**TASK DIRECTIONS:** Reproduce the lines of the listing exactly, beginning at the top, until the line with "今年5月15日—5月21日是" has been reproduced too.

**RECORDS FOR THE EXERCISE:**
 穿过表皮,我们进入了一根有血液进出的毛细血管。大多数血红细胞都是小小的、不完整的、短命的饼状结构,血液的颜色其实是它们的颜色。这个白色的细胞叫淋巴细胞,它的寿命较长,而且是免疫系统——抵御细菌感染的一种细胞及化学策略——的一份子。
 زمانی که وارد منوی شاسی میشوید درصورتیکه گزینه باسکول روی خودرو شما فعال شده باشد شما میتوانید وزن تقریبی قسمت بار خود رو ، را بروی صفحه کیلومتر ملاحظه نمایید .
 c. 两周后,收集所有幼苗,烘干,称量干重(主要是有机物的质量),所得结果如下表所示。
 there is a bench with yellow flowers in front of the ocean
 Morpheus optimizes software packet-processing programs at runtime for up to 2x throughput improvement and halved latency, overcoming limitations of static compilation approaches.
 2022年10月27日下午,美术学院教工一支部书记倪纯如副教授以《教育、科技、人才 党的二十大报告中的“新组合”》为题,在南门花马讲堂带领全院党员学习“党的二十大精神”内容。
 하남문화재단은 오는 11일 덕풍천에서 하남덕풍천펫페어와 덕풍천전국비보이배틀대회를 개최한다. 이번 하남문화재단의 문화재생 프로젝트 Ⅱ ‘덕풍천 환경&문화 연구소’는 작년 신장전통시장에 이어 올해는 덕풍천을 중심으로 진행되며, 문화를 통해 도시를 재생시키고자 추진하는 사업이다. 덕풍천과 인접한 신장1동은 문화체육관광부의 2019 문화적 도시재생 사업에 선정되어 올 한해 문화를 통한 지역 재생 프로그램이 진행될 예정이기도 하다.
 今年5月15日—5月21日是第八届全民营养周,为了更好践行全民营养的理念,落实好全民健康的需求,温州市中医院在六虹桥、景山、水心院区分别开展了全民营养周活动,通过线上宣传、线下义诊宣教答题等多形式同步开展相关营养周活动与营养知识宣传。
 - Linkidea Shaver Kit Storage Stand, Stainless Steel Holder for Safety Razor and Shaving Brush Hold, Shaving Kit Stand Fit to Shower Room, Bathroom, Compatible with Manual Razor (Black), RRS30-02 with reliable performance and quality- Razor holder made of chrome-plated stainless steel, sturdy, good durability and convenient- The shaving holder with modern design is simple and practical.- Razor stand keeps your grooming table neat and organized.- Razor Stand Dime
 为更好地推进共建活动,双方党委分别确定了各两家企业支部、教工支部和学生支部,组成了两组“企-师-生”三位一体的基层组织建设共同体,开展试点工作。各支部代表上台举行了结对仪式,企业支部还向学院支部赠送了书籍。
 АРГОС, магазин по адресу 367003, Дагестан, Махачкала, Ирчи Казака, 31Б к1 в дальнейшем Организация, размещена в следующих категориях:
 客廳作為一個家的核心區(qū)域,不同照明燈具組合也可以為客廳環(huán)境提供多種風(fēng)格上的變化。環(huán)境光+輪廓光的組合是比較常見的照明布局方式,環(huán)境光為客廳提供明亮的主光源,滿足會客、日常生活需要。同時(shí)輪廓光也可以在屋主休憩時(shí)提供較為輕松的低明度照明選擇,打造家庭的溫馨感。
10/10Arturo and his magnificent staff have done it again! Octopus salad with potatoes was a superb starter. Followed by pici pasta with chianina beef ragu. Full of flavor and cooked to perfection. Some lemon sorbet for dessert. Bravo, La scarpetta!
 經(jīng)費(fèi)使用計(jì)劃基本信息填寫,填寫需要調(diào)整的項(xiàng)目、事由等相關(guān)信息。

**REPLY:**
 穿过表皮,我们进入了一根有血液进出的毛细血管。大多数血红细胞都是小小的、不完整的、短命的饼状结构,血液的颜色其实是它们的颜色。这个白色的细胞叫淋巴细胞,它的寿命较长,而且是免疫系统——抵御细菌感染的一种细胞及化学策略——的一份子。
 زمانی که وارد منوی شاسی میشوید درصورتیکه گزینه باسکول روی خودرو شما فعال شده باشد شما میتوانید وزن تقریبی قسمت بار خود رو ، را بروی صفحه کیلومتر ملاحظه نمایید .
 c. 两周后,收集所有幼苗,烘干,称量干重(主要是有机物的质量),所得结果如下表所示。
 there is a bench with yellow flowers in front of the ocean
 Morpheus optimizes software packet-processing programs at runtime for up to 2x throughput improvement and halved latency, overcoming limitations of static compilation approaches.
 2022年10月27日下午,美术学院教工一支部书记倪纯如副教授以《教育、科技、人才 党的二十大报告中的“新组合”》为题,在南门花马讲堂带领全院党员学习“党的二十大精神”内容。
 하남문화재단은 오는 11일 덕풍천에서 하남덕풍천펫페어와 덕풍천전국비보이배틀대회를 개최한다. 이번 하남문화재단의 문화재생 프로젝트 Ⅱ ‘덕풍천 환경&문화 연구소’는 작년 신장전통시장에 이어 올해는 덕풍천을 중심으로 진행되며, 문화를 통해 도시를 재생시키고자 추진하는 사업이다. 덕풍천과 인접한 신장1동은 문화체육관광부의 2019 문화적 도시재생 사업에 선정되어 올 한해 문화를 통한 지역 재생 프로그램이 진행될 예정이기도 하다.
 今年5月15日—5月21日是第八届全民营养周,为了更好践行全民营养的理念,落实好全民健康的需求,温州市中医院在六虹桥、景山、水心院区分别开展了全民营养周活动,通过线上宣传、线下义诊宣教答题等多形式同步开展相关营养周活动与营养知识宣传。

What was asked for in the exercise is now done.